▸ **GIVEN INFORMATION**
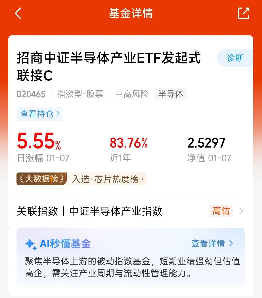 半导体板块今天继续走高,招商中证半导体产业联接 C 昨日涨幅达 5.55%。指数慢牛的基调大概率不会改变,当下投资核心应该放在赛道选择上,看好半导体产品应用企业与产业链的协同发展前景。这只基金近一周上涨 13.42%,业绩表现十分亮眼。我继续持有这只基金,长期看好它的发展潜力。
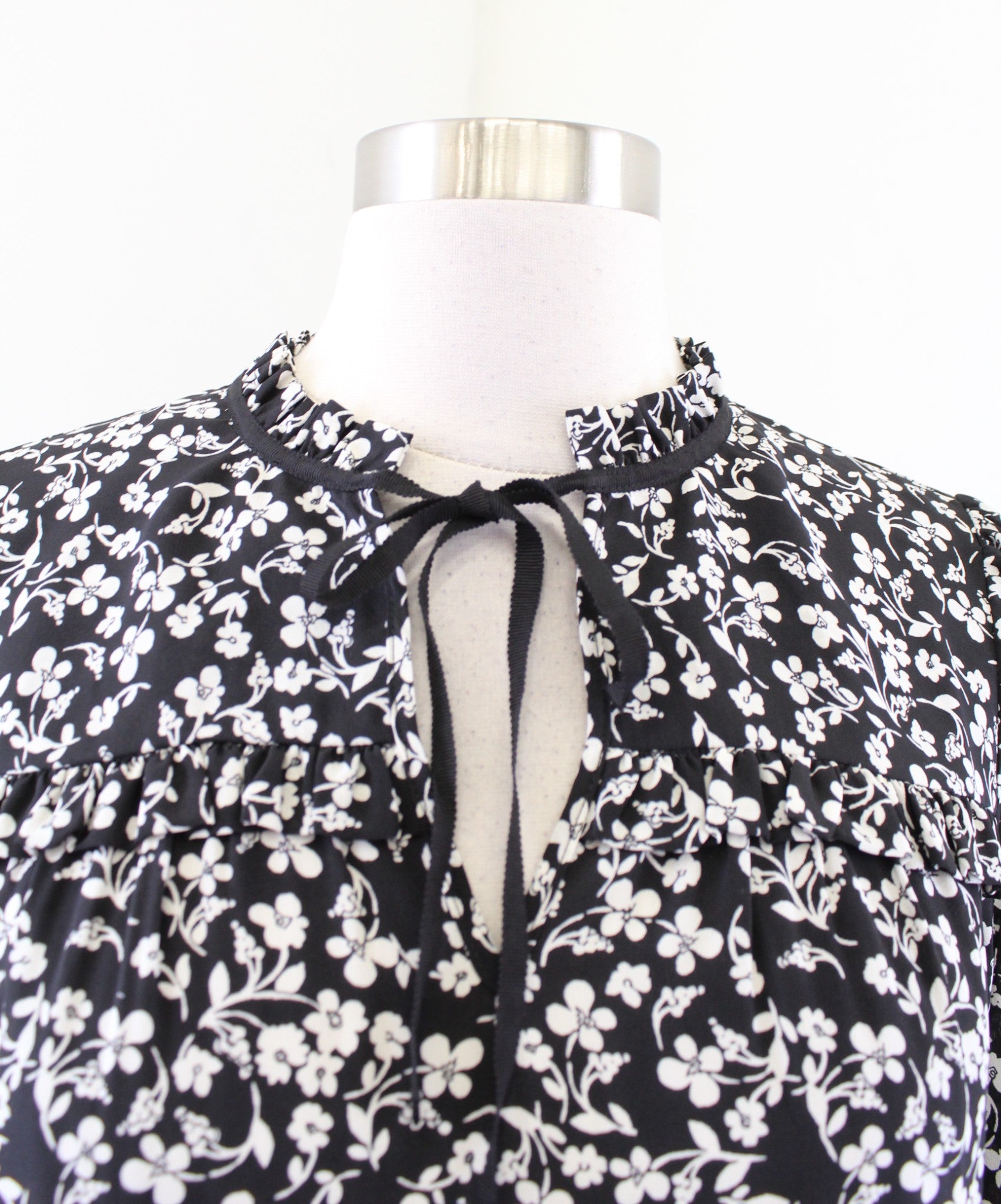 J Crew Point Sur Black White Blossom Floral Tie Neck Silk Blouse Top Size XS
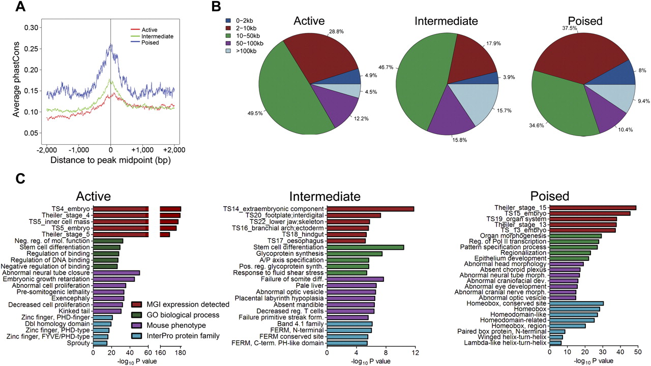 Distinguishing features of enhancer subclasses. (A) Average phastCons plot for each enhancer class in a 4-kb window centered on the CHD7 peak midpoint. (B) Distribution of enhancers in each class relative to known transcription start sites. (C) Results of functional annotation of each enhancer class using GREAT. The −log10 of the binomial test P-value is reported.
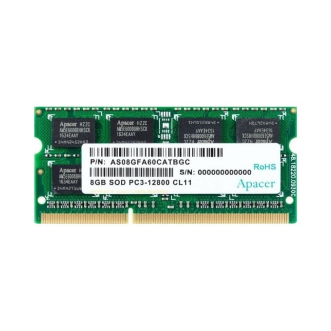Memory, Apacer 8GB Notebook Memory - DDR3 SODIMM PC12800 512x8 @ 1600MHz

▸ **TASK STATEMENT**
Please take the lines from the beginning of the data above through the line holding "J Crew Point" and transcribe them exactly, without any pictures.

▸ **RESPONSE BOX**
 半导体板块今天继续走高,招商中证半导体产业联接 C 昨日涨幅达 5.55%。指数慢牛的基调大概率不会改变,当下投资核心应该放在赛道选择上,看好半导体产品应用企业与产业链的协同发展前景。这只基金近一周上涨 13.42%,业绩表现十分亮眼。我继续持有这只基金,长期看好它的发展潜力。
 J Crew Point Sur Black White Blossom Floral Tie Neck Silk Blouse Top Size XS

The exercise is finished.